South Australia budget lacks adequate support for mining - Amec
The South Australian government has unveiled a surplus budget, buoyed by stronger-than-expected goods and services (GST) and state tax revenues, as well as A$420-million in royalties from the minerals and petroleum industry. Despite this surplus, state debt is set to exceed A$38-billion as the government borrows to fund ongoing initiatives, highlighting the critical role of the resources industry and its yearly royalty contributions.
The budget includes a A$3.6-million commitment over two years for a Green Iron and Steel initiative and an additional A$1.7-million investment in the Whyalla steelworks. Further, A$4.1-million has been allocated to support the new hydrogen and renewable energy legislative programme.
While these initiatives received praise, the Association of Mining and Exploration Companies (Amec) expressed disappointment over the budget's overall provisions for the mining sector.
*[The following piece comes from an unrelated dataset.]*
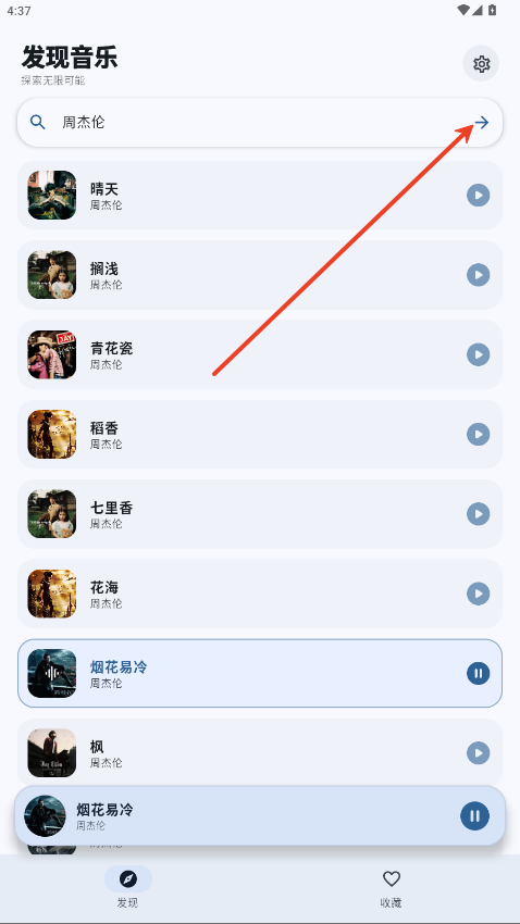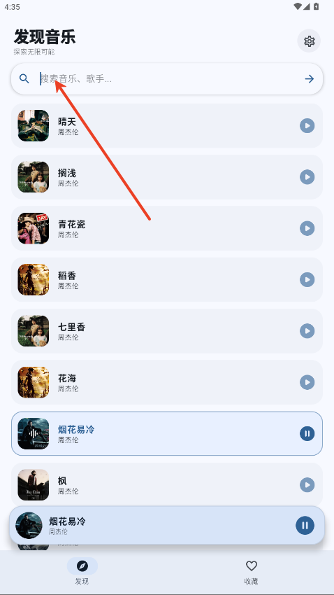 2.在搜索框内输入想听的歌曲,点击→

“South Australia has big plans for green iron and steel, and a recent supply chain analysis demonstrates a 21% advantage to produce green iron in South Australia. This is underpinned by the state's significant magnetite resources, and we welcome the commitment to support industry to grow value-adding opportunities,” said Amec CEO Warren Pearce.
However, he highlighted that major industry requests remain unaddressed. Amec has called for additional funding to better resource the Department for Energy and Mining, but little progress has been made. Notably absent from the budget are allocations for the Accelerated Discovery Initiative and the Critical Minerals Strategy, along with its development fund.
“This lack of government investment will have a knock-on effect for the junior explorers who are already doing more with less, as capital raising and inflationary pressures are also biting their businesses,” Pearce stated.
He further emphasised concerns over South Australia's global investment attractiveness, which has declined, with the state dropping to nineteenth position in the latest Fraser Institute survey after maintaining a top 10 ranking for over a decade.
The Australian Bureau of Statistics' recent figures showed South Australia reaching its highest greenfield exploration expenditure of A$47.2-million, largely driven by copper resource definition efforts at Oak Dam. Without this investment, the sector's outlook appears weaker.
The budget does include a A$15.4-million allocation for an acid drainage treatment plant at the former Brukunga mine, a necessary investment for addressing environmental responsibilities. However, Amec has called for more substantial funding to foster downstream critical minerals processing and to promote South Australia’s investment opportunities globally.
Particularly disappointing for the organisation was the state government’s decision not to fund initiatives to complement the federal government’s Production Tax Incentive.
“Minerals are critical for building the renewable-energy infrastructure for decarbonisation goals and the materials for our growing housing needs along with the state’s strong defence, space and high-tech industries,” Pearce noted.
“To grow the state’s ambitions for green minerals will require a serious financial commitment from government in the future if the state is to compete with other national and global jurisdictions for precious investment.”
The budget's mixed reception reflects a broader tension between immediate fiscal responsibilities and long-term strategic investments necessary for sustaining and growing South Australia's resource sector.